As an adult, it’s running away from the daunting feeling that I soon will die. Talking through it with my partner, Megan, I realize that my whole hyper focus on my flaws and feelings of anxiety were just related to my own fear of mortality.

Remember what I said about the whole “body/mind connection”? Well, this is where it all comes in. I felt anxious and restless, days after my last mission. It was as if this all triggered muscle memory within me, to feel a certain way. My body feels it, my mind notices it, then associates it with whatever (in this case, with some trite comment about me. Watching a bunch of macabre shows certainly wasn’t helping, and once I forced myself to workout, watch happy shows, and disconnect from my devices I felt better.

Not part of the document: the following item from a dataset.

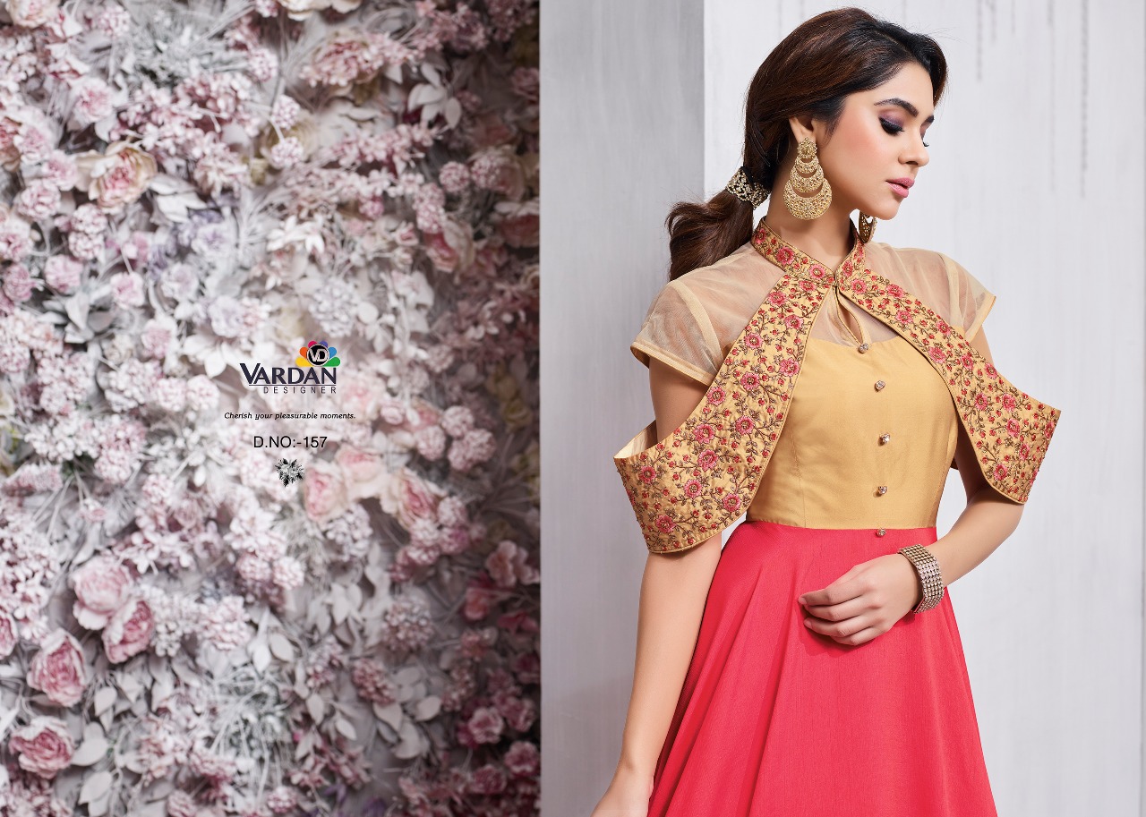 Buy Online Vardan Navya Vol 6 151 To 158 Series Designer Gowns Dealer 8 Pcs of Full Catalogue at Wholesale Price. Looking for Vardan Navya Vol 6 151 To 158 Series Designer Gowns Dealer Full Catalouge at Best Price? Buy Now Vardan Navya Vol 6 151 To 158 Series Designer Gowns Dealer at Wholesale Rate of Rs 9592 with Total 8 Pcs from authroized dealer and supplier of VARDAN DESIGNER Brand. Cost of Each piece is just only Rs 1199 which is very low and affordable price to resale the product in your retail store ,This is Surat based Wholesale Supplier & Dealer of VARDAN DESIGNER Brand. Click on Brand name to Know more about VARDAN DESIGNER Brand's products.Call or Whatsapp on 9898838984 for booking or enquiry

The storms pass… I feel normal again.

The lesson learned in all of this is simple:

1.) You are not your thoughts, you are the thinker of your thoughts. Be sure to give yourself props for your own growth. Recognizing your patterns is one thing, being able to self-sooth and intervene after you recognize them is huge!

2.) Before you immediately label yourself as broken or defective, pause and look at what you’re doing. Watching murder shows, eating like shit, and getting poor sleep isn’t going to make anyone feel like they’re in a good place. You’re not rotten, but maybe the environment you’re in isn’t helping.